Fixed set per theme, curated for comparability across organizations.

Rules: - Themes and subcategories are canonical and non-configurable - Provider labels/types (Jira/GitHub/GitLab) are inputs only - Provider-native labels are normalized away


Compute-Time LLM Categorization

Schema Compliance

LLM output MUST be strict JSON matching:

work_graph/investment/llm_schema.py

Output Requirements

Requirement Details
Keys Must come from canonical subcategory registry
Probabilities Must be valid (0-1) and normalized
Evidence quotes Must be extractive substrings from provided inputs
Sum Subcategory probs sum to theme probs; theme probs sum to ~1.0

Two-Stage Mapping

  1. LLM outputs subcategories only — Maps text to subcategory distribution
  2. Theme roll-up is deterministic — Non-LLM, computed from subcategories

This prevents category drift and maintains normalization.

Retry Policy

  • One repair attempt only
  • On continued failure: mark invalid, apply deterministic fallback
  • Persist audit fields for every categorization run

Audit Fields

Always persist: - categorized_at — Timestamp of categorization - model_version — LLM model used - prompt_hash — Hash of prompt template - raw_response — Original LLM output (for debugging) - fallback_applied — Boolean if fallback was used


UX-Time LLM Explanation (Allowed)

Constraints

LLM may generate explanation text only from: - Persisted distributions - Stored evidence

LLM must not: - Recompute categories - Change edges - Modify weights - Alter distributions

Labeling

All explanation output must be labeled as AI-generated.
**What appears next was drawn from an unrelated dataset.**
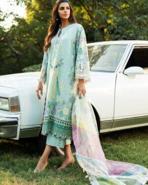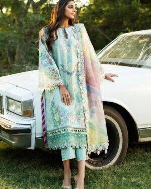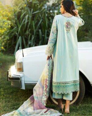 Embroidered lawn Center Panel – 1 piece Embroidered lawn Side Panels – 1 piece Embroidered lawn Back – 1 yard Embroidered lawn Sleeves – 0.72 yard Embroidered organza back patch – 1 piece Embroidered organza sleeve border – 45″” Embroidered organza shirt border – 2 yard Embroidered organza trouser border – 2.16 yard Embroidered organza dupatta border – 8.7 yard Printed organza dupatta – 2.7 yard Dyed Cambric Trouser – 2.16 yard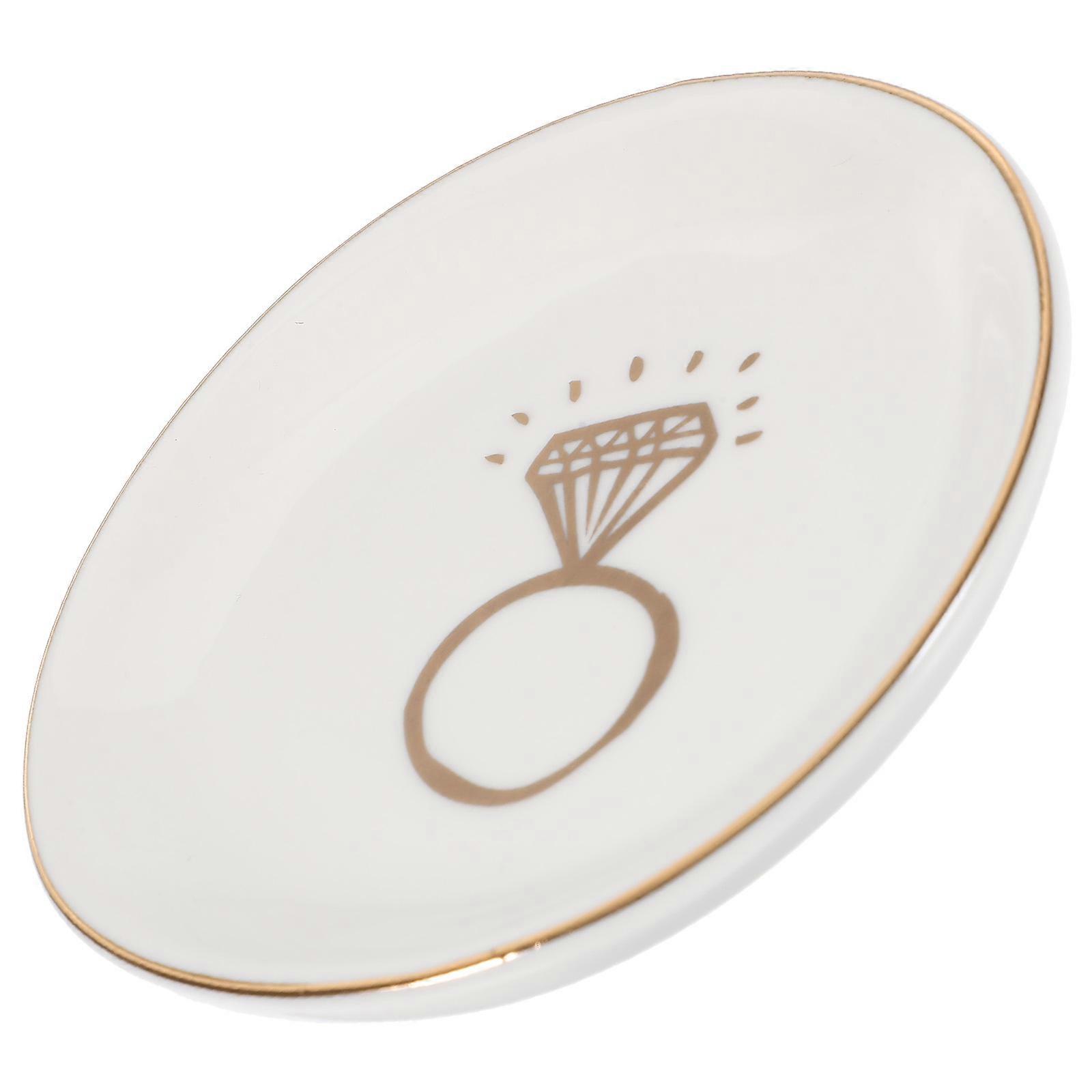 White Ceramic Jewelry Dish for Displaying Rings Necklaces Earrings with Elegant Design 4.5 Inches

Canonical Explanation Prompt

You are explaining a precomputed investment view.

You are not allowed to:
- Recalculate scores
- Change categories
- Introduce new conclusions
- Be conversational (no "Hello", "As an AI", or interactive follow-ups)

Explain the investment view in three distinct sections:

1. **SUMMARY**: Provide a high-level narrative (max 3 sentences) using
   probabilistic language (appears, leans, suggests) explaining why
   the work leans toward the primary categories.

2. **REASONS**: List the specific evidence (structural, contextual,
   textual) that contributed most to this interpretation.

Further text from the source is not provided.